The Minister for Transport, Energy and Communications recently told me by way of private communication that the outgoing EU Commission, which went out of office last month, had not made a decision on the Government's application for funding for this project in the context of the Community Support Framework for Ireland. I understand that all the information, analyses and studies requested by the Commission to assist it in coming to a conclusion on this application has been made available. As I understand it — I am sure the Minister of State will confirm this — all those studies and analyses were positive in that they have shown that the project is feasible, it represents reasonable value for money and it can be expected to perform as projected.

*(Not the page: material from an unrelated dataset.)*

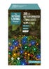 200 multi-coloured battery operated LED string lights with a 15.9m lit length on a green cable with 0.3m lead length to the battery pack. Multi-action with 8 functions. Features a timer function that switched on for 6 hours and off for 18 hours. Suitable for indoor and outdoor use.

I ask the Minister of State to press the Commission for an early and favourable decision on the application for funding. That is a crucial step in the development of this project. I understand that more than three-quarters of the funding for this project will have to be raised commercially by way of equity, with or without additional loan funding. I gather that the Government's intention is to seek equity partners on a competitive tendering basis. The amounts involved are substantial. The total projected cost of the power station is in the region of £90 million. The application for European Union funding is for a sum of £21 million, leaving a balance of £69 million to be raised by a combination of equity and loan funding. It is obvious with the state of markets today that a substantial proportion of that funding would have the form of direct equity injection. It will not be easy to find £69 million for a project of this kind. The process of assembling the funding cannot even begin until the Commission has made the necessary decision on the allocation of funding. A favourable Commission decision will not guarantee that the project will go ahead, but it certainly will not go ahead without it. The Commission decision is, therefore, a crucial factor.
I am delighted my constituency colleague, the Minister of State, Deputy Stagg, is in the House because he is familiar with and very close to this issue. I need hardly assure him that I will support him in whatever he seeks to do on the issue. I would be grateful if the Minister of State would indicate the steps he proposes to take to persuade the Commission to take the necessary action.